Kini, abdul mu’min bingung. Jalanan sepi. Waktu masih pekat malam. Motornya hancur. Penyok. Lampu depannya pecah. Pelek bannya bengkok. Pejakan gigi motornya entah nyeliep kemana?. Tapi untunglah masih bisa diseret. 

Sekitar 500 meter ke depan ada masjid. Ya, masjid. Abdul mu’min berencana menitipkan motornya disana. Tapi harus menyeret sejauh 500 meter. Jika dilihat-lihat, dia tampak seperti maling. Berjalan di malam pekat. Menyeret-nyeret motor. “Maliiiiiinggggg…!” untunglah tidak ada orang yang berteriak demikian.

“Alhamdulillaah, sampai juga,” abdul mu’min sampai di muka gerbang masjid. Dilihatnya tiada orang. Dia masuk bersama motor penyoknya.

Sedari tadi, abdul mu’min terlihat begitu tenang. Seakan tidak ada masalah yang menimpanya. Padahal dia baru saja ditimpa kecelakaan. Motornya penyok. Perjalanan pulangnya menuju laila tertunda. Ditambah jarak yang masih jauh. Butuh 3 atau 4 jam lagi baru sampai.

“Yaa Allaah, sungguh begitu nikmat terasa urusanMu. Engkau perdengarkan kabar duka tentang laila. Lalu Engkau menghendaki hamba untuk menemuinya. Dan di tengah jalan, Engkau timpakkan musibah ini. Apatah lagi jika bukan ikhlas dan sabar sebagai sikap yang paling tepat?,” lirih abdul mu’min seraya memandang langit. 

Sedikit demi sedikit air matanya meleleh. 

“Yaa Allaah, peluklah sejenak tubuh ringkih ini, bismillaah,” abdul mu’min merebahkan tubuhnya. Ia lelah. Dan terpejam.

Allaahu Akbar! Allaahu Akbar! adzan subuh terkumandang. Abdul mu’min pun bangun.

“Alhamdulillaah, sudah masuk waktu pagi,” bisiknya.

Dia beranjak dari rebahannya. Menuju tempat wudhu. Ia berwhudu dan kemudian memasuki masjid dan sholat sunnah qabliyah 2 roka’at.

Selesai sholat sunnah, iqamat belum juga dikumandangkan. Ia menoleh ke-kanan ke-kiri. Melihat jama’ah yang sudah berkumpul. 

“Pak, tidakkah sholat segera dimulai?” tanyanya pada seorang bapak muadzin yang nampak sudah begitu tua.

“Adek bisa menjadi imam. Qadarullaah, petugas imam masjid ini sedang sakit. Jika bapak yang menjadi imam, hawatir suaranya habis,” tutur bapak muadzin seraya memberikan penawaran. 

“Silahkan!” tambahnya lagi mempersilahkan abdul mu’min.

“Alhamdulillaah, terimakasih pak. Tapi saya pakai celana, hawatir menyelisihi adat disini,” ucap abdul mu’min.

“Tidak apa dek.
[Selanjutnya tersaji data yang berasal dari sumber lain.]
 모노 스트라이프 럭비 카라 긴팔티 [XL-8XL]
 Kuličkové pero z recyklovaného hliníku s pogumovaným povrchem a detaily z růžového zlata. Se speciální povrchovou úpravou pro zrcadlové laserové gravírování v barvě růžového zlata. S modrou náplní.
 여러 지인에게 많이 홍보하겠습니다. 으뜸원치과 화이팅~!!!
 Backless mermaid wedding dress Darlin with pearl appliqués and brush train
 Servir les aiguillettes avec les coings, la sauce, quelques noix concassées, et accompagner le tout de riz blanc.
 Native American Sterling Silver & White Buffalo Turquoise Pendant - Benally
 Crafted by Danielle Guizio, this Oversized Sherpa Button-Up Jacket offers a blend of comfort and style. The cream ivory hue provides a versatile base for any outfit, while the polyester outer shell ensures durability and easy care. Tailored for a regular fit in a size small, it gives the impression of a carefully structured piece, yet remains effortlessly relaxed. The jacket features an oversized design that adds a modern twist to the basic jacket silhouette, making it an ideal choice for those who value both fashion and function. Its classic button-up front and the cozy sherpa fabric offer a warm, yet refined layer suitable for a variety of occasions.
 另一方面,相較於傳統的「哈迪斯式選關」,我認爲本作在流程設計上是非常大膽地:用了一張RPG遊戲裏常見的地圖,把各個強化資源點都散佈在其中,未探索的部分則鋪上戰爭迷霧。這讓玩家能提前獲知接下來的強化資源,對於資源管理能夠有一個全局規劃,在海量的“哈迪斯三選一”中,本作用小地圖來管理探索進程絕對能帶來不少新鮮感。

Ayo silahkan,” bapak muadzin mempersilahkan dan sekilas mengumandangkan iqamatnya.

Selesai sholat.

“Subhanallaah, lantunan tilawah adek begitu merdu,” ucap bapak muadzin memuji abdul mu’min.
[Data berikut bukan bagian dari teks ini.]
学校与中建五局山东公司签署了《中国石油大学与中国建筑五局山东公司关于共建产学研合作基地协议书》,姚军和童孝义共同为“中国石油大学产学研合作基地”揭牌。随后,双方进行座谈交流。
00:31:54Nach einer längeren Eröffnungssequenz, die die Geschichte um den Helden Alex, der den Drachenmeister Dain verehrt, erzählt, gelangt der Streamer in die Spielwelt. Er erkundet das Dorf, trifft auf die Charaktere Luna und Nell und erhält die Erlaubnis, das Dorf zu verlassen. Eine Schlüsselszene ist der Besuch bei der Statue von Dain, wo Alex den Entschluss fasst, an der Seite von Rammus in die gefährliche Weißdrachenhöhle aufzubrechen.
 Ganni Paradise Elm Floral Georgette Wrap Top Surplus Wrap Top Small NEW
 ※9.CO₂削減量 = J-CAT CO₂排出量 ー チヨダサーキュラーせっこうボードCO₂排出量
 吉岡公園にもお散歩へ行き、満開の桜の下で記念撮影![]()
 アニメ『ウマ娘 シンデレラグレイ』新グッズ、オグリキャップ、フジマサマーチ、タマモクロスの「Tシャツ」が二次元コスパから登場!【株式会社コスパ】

“Alhamdulillaah, terimakasih pak,” jawabnya singkat. “Oh iya pak, boleh saya nitip motor saya di masjid ini?” lanjutnya.

“Insyaallah boleh, dimana motornya,” tanya bapak muadzin.

Setelah ditunjukkan ke arah motornya, bapak muadzin tersebut kaget.

“Inna lillaah, kenapa penyok-hancur begini?,” tanya bapak muadzin.

Abdul mu’min hanya tersenyum. Tidak memberikan penjelasan apa pun. Lalu sejenak dia teringat sesuatu. Laila.

“Astaghfirullaah, laila,” ucapnya seraya bergegas pergi berlari menuju jalan raya. “Pak nitip yah,” teriaknya sambil menoleh ke belakang.

“Ya insyaallah,” jawab bapak muadzin. “Pemuda aneh,” bisiknya. 

“Astaghfirullaah, jangan-jangan! ini barang curian?!” pikir bapak muadzin seraya meneplok jidatnya. Tapi abdul mu’min keburu masuk ke dalam bus. Berangkat. Hilang ditelan kejauhan.